Yes, Travis. Regarding GLP-1s, we closely monitor that market. It's too early to predict its long-term impact. We gather all the market data and track prescription trends. Currently, the information is somewhat confusing because there are many prescriptions for obesity as reported in the media. Additionally, the journey from diet and exercise for type 2 diabetes to oral medications, then injectable drugs, and finally insulin is a lengthy process, so it will take time for us to fully comprehend. This primarily pertains to developed markets, mainly in the U.S., while our growth is largely coming from emerging markets.

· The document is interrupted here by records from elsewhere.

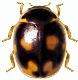
21 Hyperaspis festiva
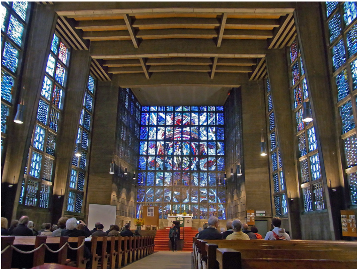
Innenansicht der St. Nicolai-Kirche in Dortmund (2013).
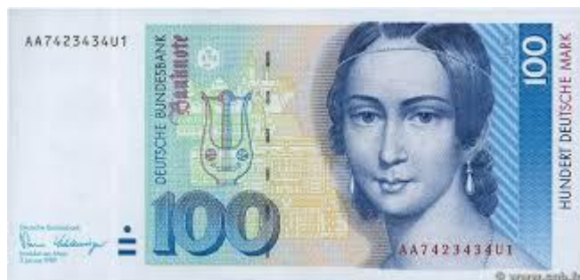
Németország, Clara Schumann, 100 márka, 1989, szülővárosa Lipcse épületei, hárfaszerű líra, zongora, frankfurti konzervatórium
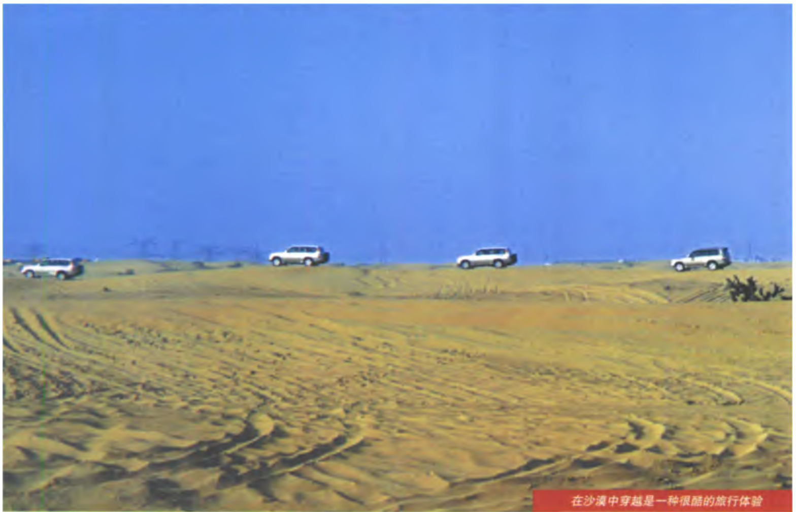
在沙漠中穿越是一种很酷的旅游体验
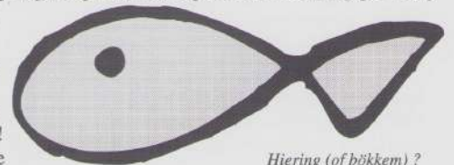
Hiering (of bökkem) ?

Soondes hófde geine te vaste, sjwaardes ederein boven de 15 jaor en oonder de 65. En luij mèt zjwoer werrek or kraanke hófden aoch neet. Vaste beteikende totsde dich mer eine kier de bekoms mogs ete per daag en de aander kiere zjus neet genóg. En op vriedeg waor 't zoewiezoe oonthaajdingsdaag, dat wèlt zègke totste ouch nog gei vleisj mogs ete. Dus zag Pa: "dan ete de erme hiering en de rieke kaviaar". En Pa waor òm ter duivel geine roeje! Euverigens vösj ete is gei vergif.
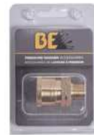
ACOPLADOR, 3/8" QC MNPT PKG
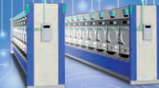
立体Air紙幣搬送システム 2014
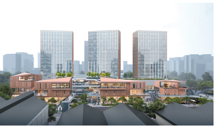
广州港太古仓复建区效果图

2008年开始,广州港集团对太古仓码头实施转型升级,使其成为广州最早进行转型升级的旧码头和旧仓库之一。当时广州港集团邀请了专门的文物修复单位及设计团队对太古仓码头进行改造,耗资数千万元历时四年,对作为历史保留工业建筑的3个丁字形码头、7座英式仓库以及外环境,以“修旧如旧”的方式进行外观修缮、结构加固和内部功能置换。
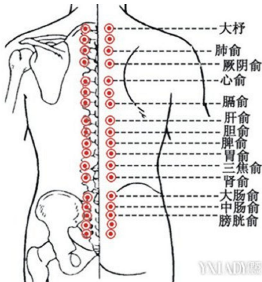
背俞穴區域的按摩
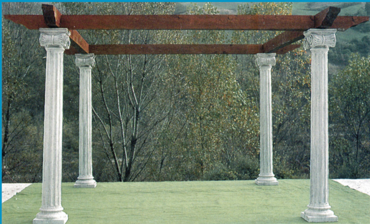
ART. 250 Esempio di Gazebo NERVANO in cemento tra + col.

Realizzato con: n. 4 colonne NERVANO h cm. 210x32x32 - kg. 180 n. 4 travi NERVANO - lungh. cm. 360
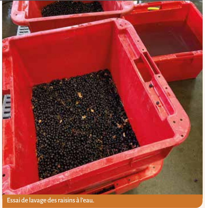
Essai de lavage des raisins à l'eau.

localisation des résidus dans la baie ont montré qu'elles sont principalement localisées dans la pulpe ce qui explique qu'elles soient peu éliminables par lavage, quels que soient les procédés utilisés. D'autres molécules sont plutôt présentes sur la pellicule comme cuivre, folpel, amisulbrom et sont donc mieux lessivées. Précisons toutefois que peu de substances actives sont totalement éliminées par cette opération
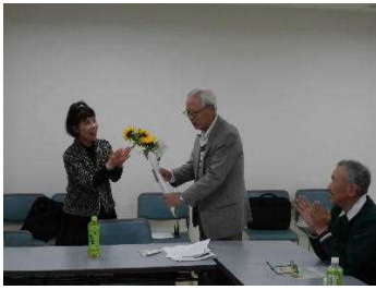
古賀代表から花束贈呈

市民活動センターは最近では活動量も増加の傾向にあり、次のステップへの躍進を見据え、さらなる活動を祈ります。本当に有り難うございました

GLP-1s have been available for several years, and our U.S. business has remained relatively stable during that time. We prefer not to speculate on future impacts on our business, but we are monitoring the situation closely. Concerning your question about our efforts to leverage opportunities in the new drug space, I do not want to discuss specific R&D initiatives, but we are paying attention. The way these drugs are administered aligns well with our manufacturing capabilities, such as producing injection molding plastic parts and needles for these delivery devices. Therefore, it's an area of interest for us, but I will refrain from detailing specific expenditures on programs. Regarding once weekly insulin, I view it similarly to other new drugs. There is always the risk of overdosage with weekly insulin. We need to observe its future developments. As for the proportion of our product used for basal insulin compared to multiple daily injections, the market data is unclear. We do not get information at the point of dispensation that indicates whether patients are using our products for daily or weekly injections. Instead of providing vague estimates, I’ll emphasize again that these trends will primarily affect the U.S. Our growth is in emerging markets, and we do not anticipate significant integration of these new drugs, whether they are once weekly insulin or new GLP medications, into emerging markets for some time.

Operator

I would now like to turn the conference back to Dev Kurdikar for closing remarks.

Speaker 2

Thank you. Before we conclude the call, I would like to express my gratitude to all my colleagues around the world for just the incredibly immense amount of work that they've been doing over the past one and a half years to stand up Embecta as an independent company. That they have been doing so without impacting our customers through what has been a fairly challenging operating environment and in the midst of a spin is a testament to their commitment to fulfilling our mission of developing and providing solutions that make life better for people with diabetes. Thank you all for attending the call. We look forward to speaking with you again in a few months, and thank you for your interest in our business.

Operator

This concludes today's conference call. Thank you for participating and you may now disconnect.